A third vector sometimes available is the current, deduced by the processor from the difference between your COG/SOG and your heading/boat speed. In a third colour, this one only works if your heading vector is ‘trimmed’ correctly. It has its uses, but obsession with such things can lead to failure to look out of the window where real life continues to deliver ‘slings and arrows’ that are not virtual and which really hurt.

To relate your position to a charted object, you have only to hover the cursor over it and range and bearing are displayed. This gives you an alternative means of recording your position which is more convenient and often more relevant than a straightforward lat/long. I tend to use this as I approach landfall, keeping to lat/long out of sight of land.

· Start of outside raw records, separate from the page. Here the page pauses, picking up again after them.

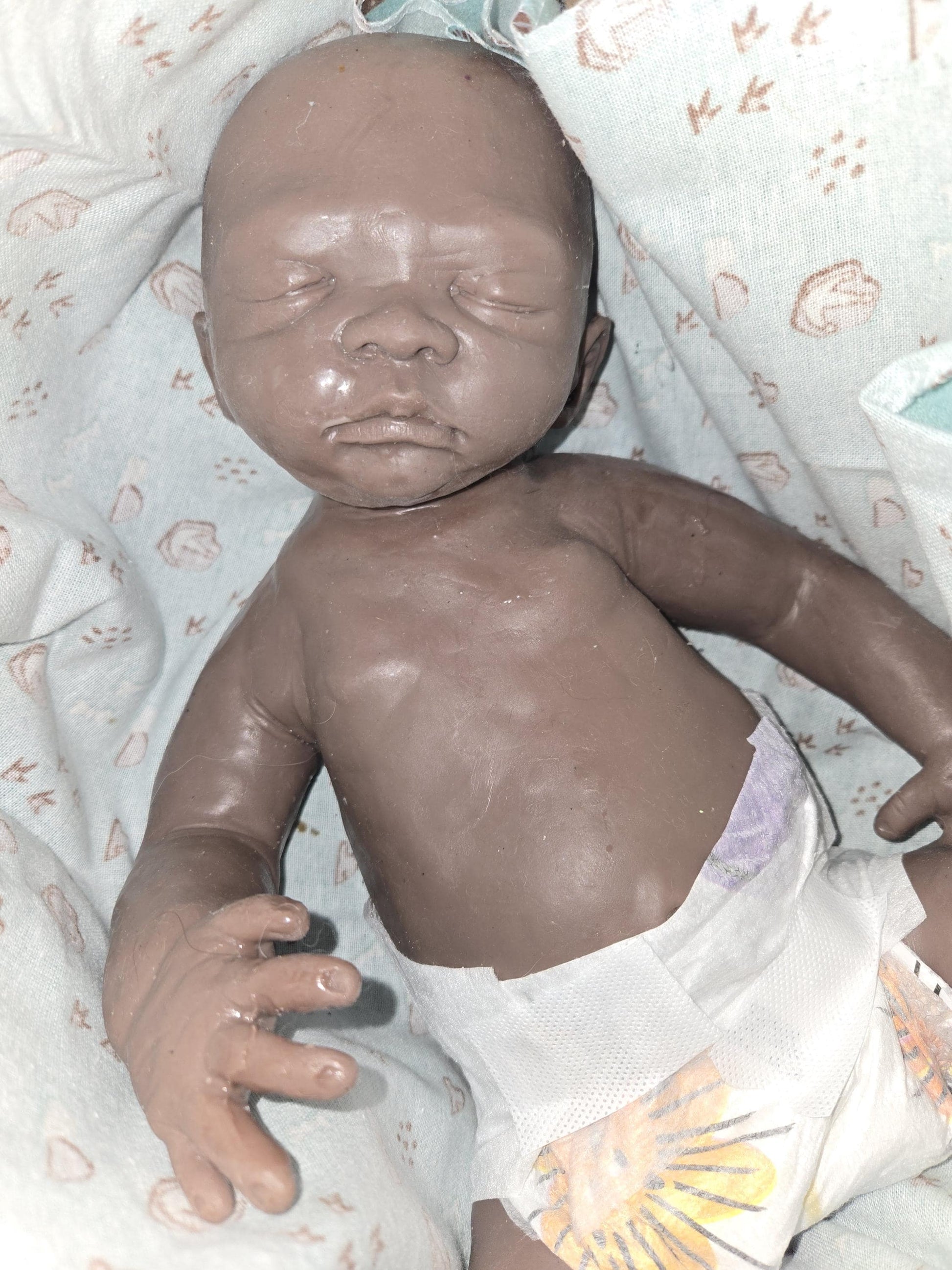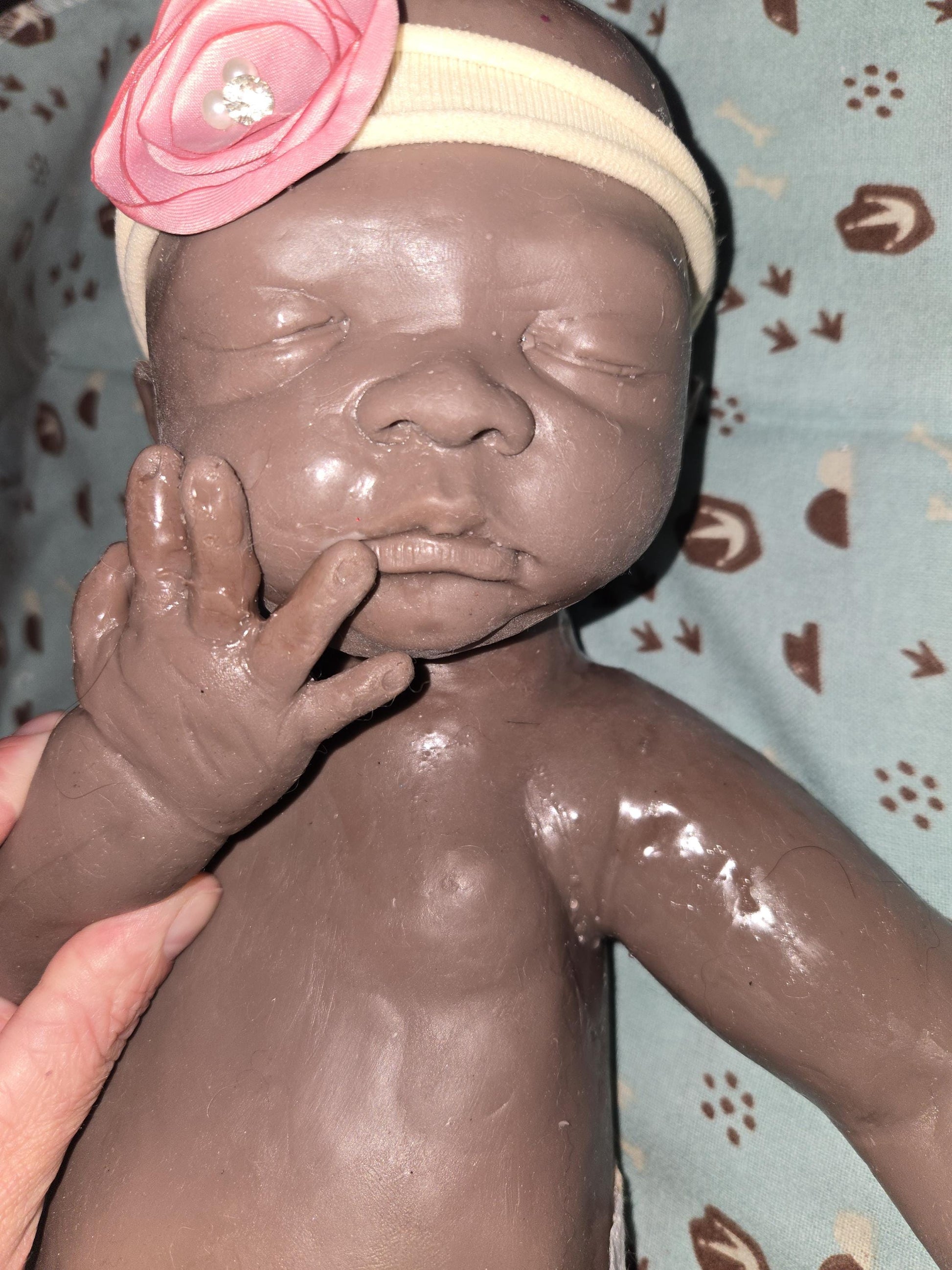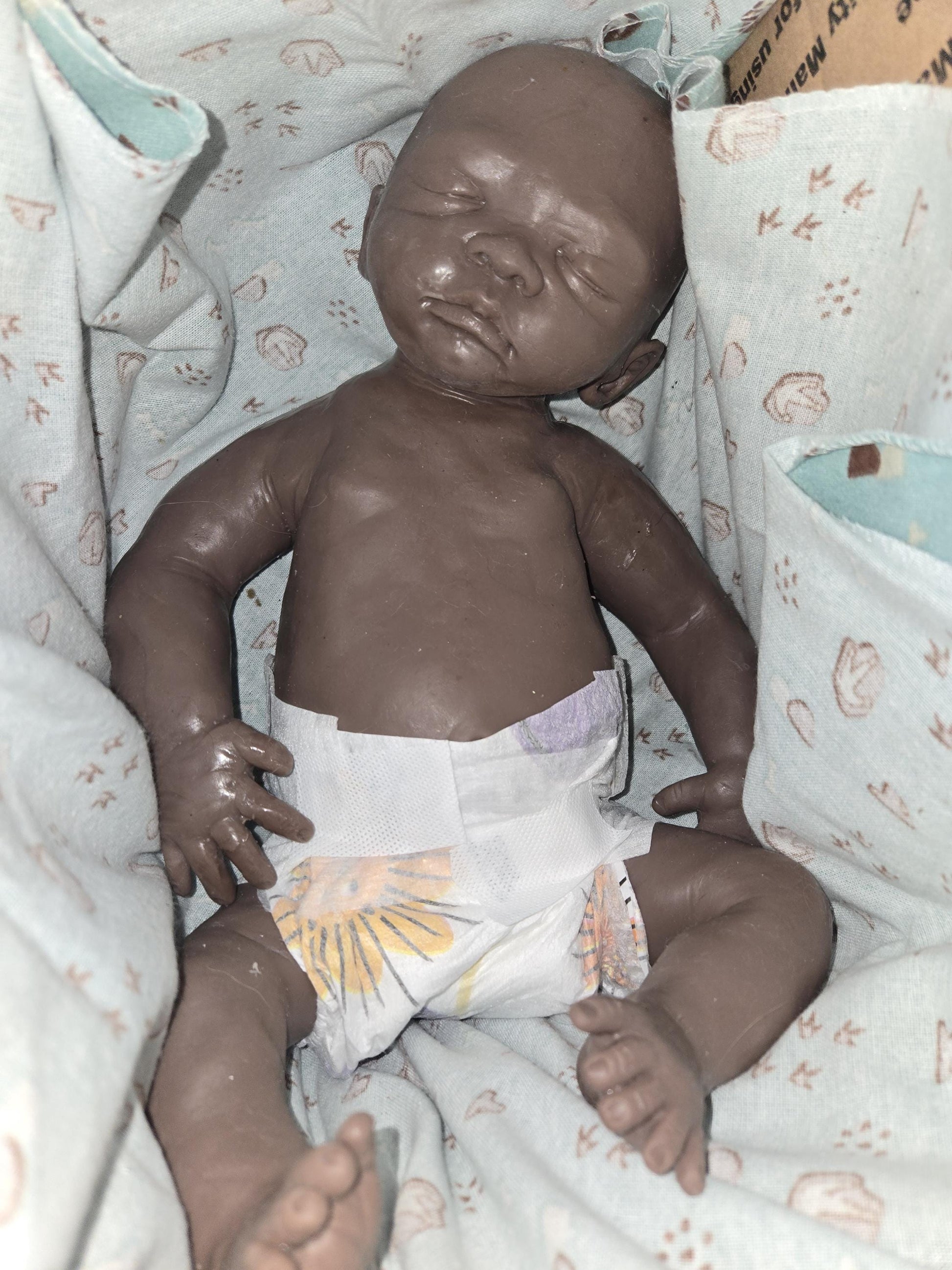 seamless baby very smooth body. I pour all my babies in eco flex 20 silicone that is a very soft flexible silicone but I can also offer marshmellow blend for extra (view seperate listing) Gracie is a 17 inch newborn. can be a boy or girl. photo listed is african American but i can pour in any skin tone. blank kits and fully painted versions available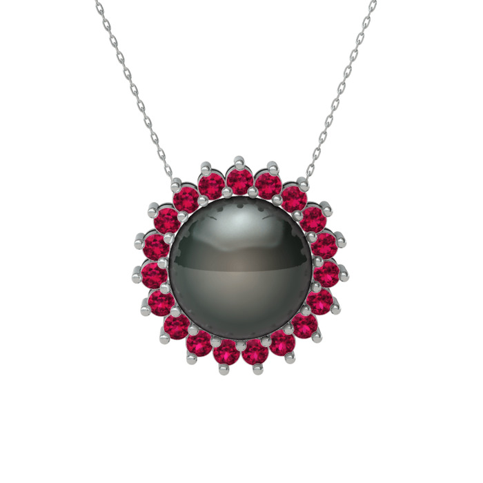 Siyah inci ve rodolit garnet 14 ayar beyaz altın kolye (40 cm beyaz altın rolo zincir)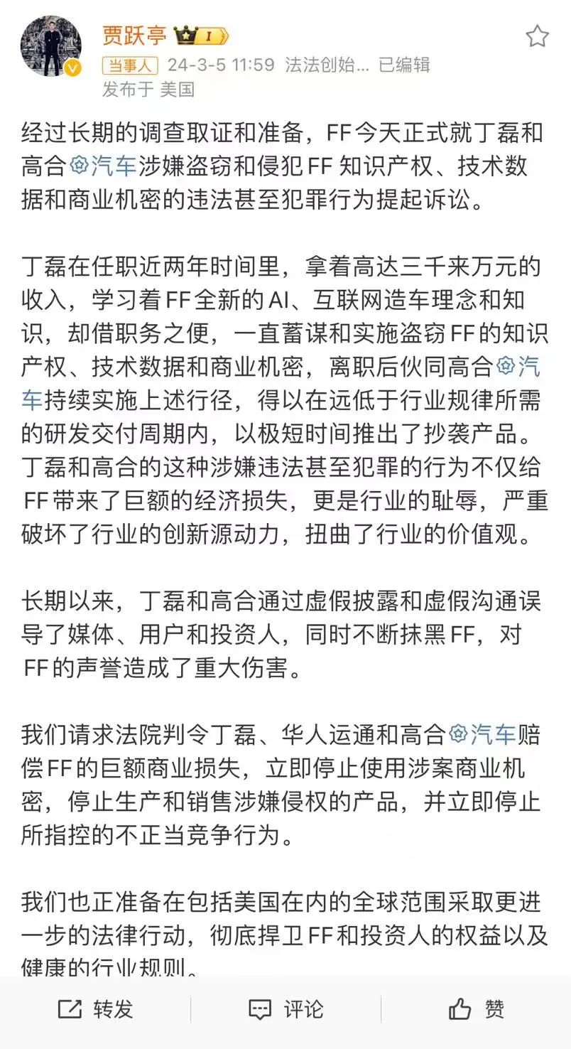 4、贾跃亭对簿丁磊,法拉第未来宣布起诉高合汽车“侵犯商业秘密和不正当竞争”

Most good plotters offer electronic dividers to measure the bearing and distance between any two points. Very useful for passage planning. On some PC plotters it is possible to use multiple sets of dividers and leave the lines ‘active’ on the screen. This enables you to plot visual fixes or vector diagrams for tidal navigation, etc. Sadly, few hardware plotters offer this multiple facility. If their GPS goes down, they are therefore useless. A plotter allowing multiple lines to be constructed can be used just like a paper chart, even without GPS. I have even plotted running fixes (here) on a PC.

Many vector chart/hardware plotter programs now allow you to access comprehensive tidal height information at the click of the cursor. PC-based plotters may require additional software for this, but the effect is the same. No more secondary port interpolation nightmares! (See Chapter 14.)

Most modern plotters using vector charts carry some sort of tidal height calculator. This one is from a Navionics App. Click on the diamond ‘T’ for all you need to know.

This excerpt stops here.